SERP FAQ Removal & New Data Challenge Schema’s AI Search Value via @sejournal, @MattGSouthern

The search engine optimization landscape is undergoing one of its most disruptive periods in history. For years, structured data—commonly referred to as schema markup—was championed as the ultimate bridge between human-readable web content and machine-readable databases. SEO professionals spent countless hours writing, testing, and deploying JSON-LD code to earn coveted rich snippets, enhance click-through rates (CTR), and ensure search engines understood their content’s context.

However, two major developments have sent shockwaves through the search marketing community, forcing a critical re-evaluation of structured data’s actual value. First, Google systematically stripped away FAQ and How-To rich results from the search engine results pages (SERPs). Second, groundbreaking research from Ahrefs has challenged a foundational belief: that schema markup is a critical driver for gaining citations in modern, AI-powered search engines.

As search engines transition from classic keyword retrieval systems into complex, AI-driven answer engines, SEOs must adapt.

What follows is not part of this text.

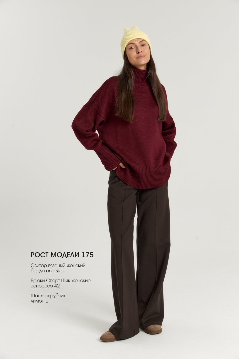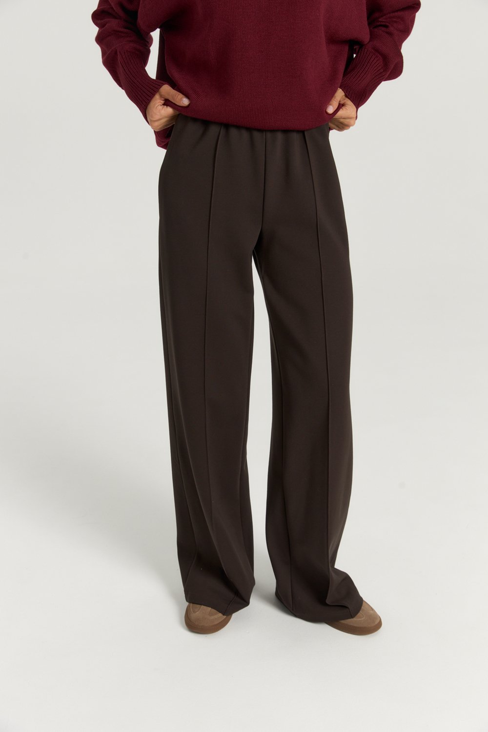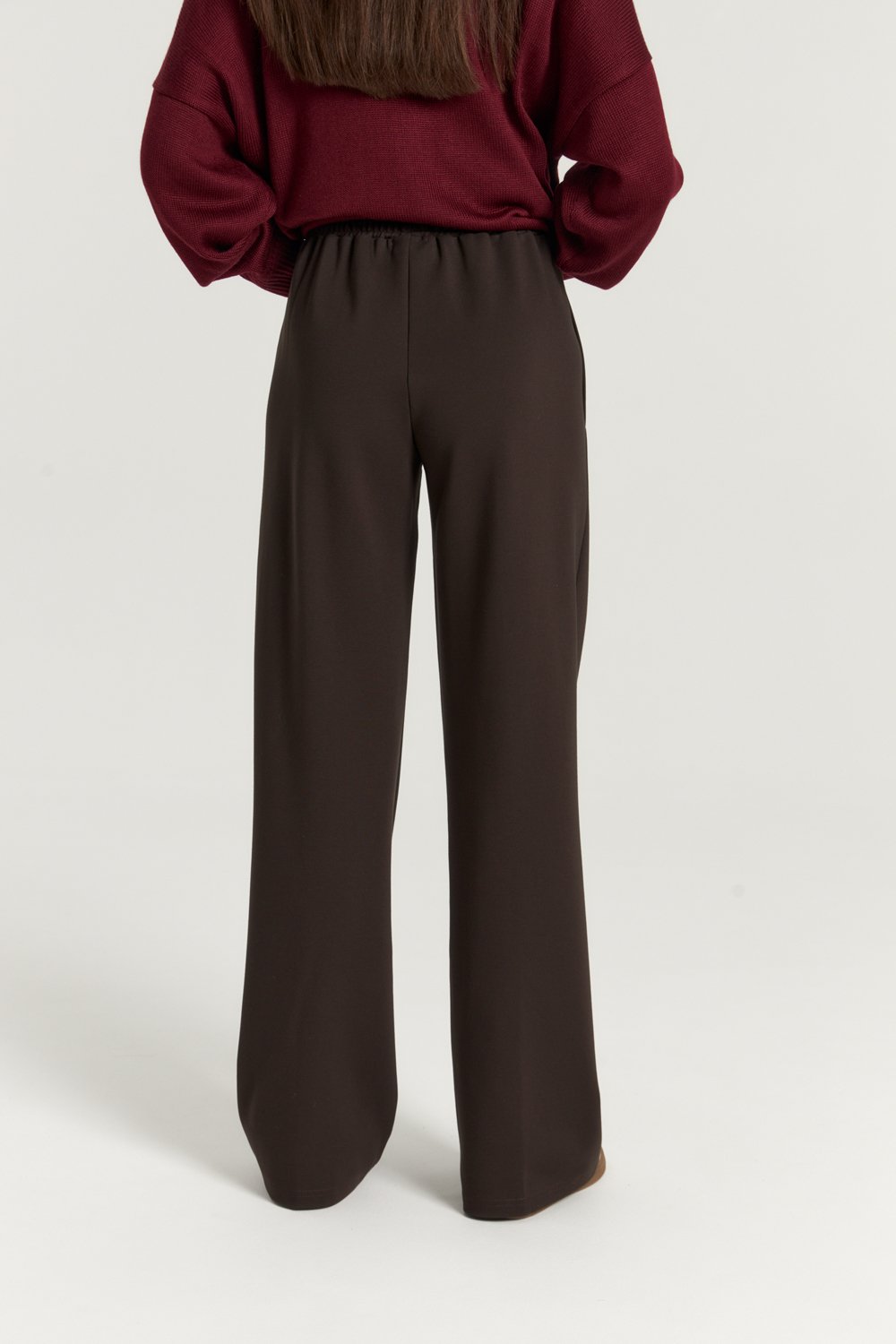 Брюки-трубы со стрелками спереди и поясом на резинке. Карманы в боковых швах.

Here is an in-depth exploration of why these changes occurred, what the latest data reveals, and how you should pivot your optimization strategy to remain visible in both traditional and generative search landscapes.

The Evolution and Sudden Fall of Google’s FAQ Rich Results

To understand why schema’s value is being questioned, we must first look at how Google handled visual real estate on the SERPs over the past decade. Schema markup was introduced in 2011 by a collaboration between Google, Bing, Yahoo!, and Yandex under the Schema.org initiative. The goal was simple: create a shared XML/JSON-LD vocabulary to help search engines understand what web pages are actually about.

For years, implementing schema yielded highly visible rewards. The most popular of these was FAQ schema. By adding a few lines of code to a webpage, publishers could display dropdown question-and-answer accordions directly beneath their organic search listings. This provided several distinct advantages:

  • Increased SERP Footprint: A single listing with FAQ schema could occupy twice the vertical space of a standard listing, pushing competitors further down the screen.
  • Improved Click-Through Rates (CTR): Interactive elements naturally draw the human eye, leading to higher engagement.
  • Pre-empting User Intent: Answering common queries directly on the search page established immediate authority.

However, this led to widespread manipulation. SEOs began adding irrelevant FAQ schema to almost every page to monopolize SERP real estate. In response, Google gradually rolled back the feature. The final blow came when Google officially announced it would restrict FAQ rich results to highly authoritative, well-known health and government websites, effectively rendering the markup useless for the vast majority of commercial and informational publishers.

This move signaled a broader shift in Google’s strategy. The search giant was no longer interested in giving away valuable SERP real estate for free to webmasters who simply optimized their structured code. Instead, Google began preparing its interface for a clean, streamlined look designed to accommodate its own AI-generated answers.

The Ahrefs Study: Deconstructing Schema’s Value in AI Search

With traditional rich results fading, many SEO professionals shifted their narrative. They argued that even if schema no longer generated visual snippets on standard Google search pages, it remained vital for “AI SEO.” The theory was that Large Language Models (LLMs) and conversational search engines (like Perplexity AI, Google’s AI Overviews, and ChatGPT) relied heavily on structured data to crawl, parse, and cite sources.

To test this hypothesis, the data science team at Ahrefs conducted a comprehensive study analyzing the relationship between schema markup and citations in generative search engines. The findings challenged the long-held assumption that structured data is a prerequisite for AI visibility.

Key Finding 1: AI Search Engines Skip the Schema

The research revealed that generative search engines do not rely on JSON-LD or microdata to understand content and generate citations. Instead, these advanced engines process the raw, unstructured HTML and natural language of a page. Because LLMs are trained on massive datasets of human language, they are incredibly proficient at understanding context, relationships, and entities directly from standard text without needing a structured code translation.

Key Finding 2: High Citation Rates Occur Without Schema

Ahrefs analyzed a vast pool of queries that triggered AI search summaries. They discovered that a significant portion of the web pages cited by AI search engines did not have specialized schema implemented. Pages with simple, clean semantic HTML (such as standard paragraph tags, bulleted lists, and clear table formats) were cited just as frequently—and in some cases, more frequently—than pages heavily optimized with complex schema packages.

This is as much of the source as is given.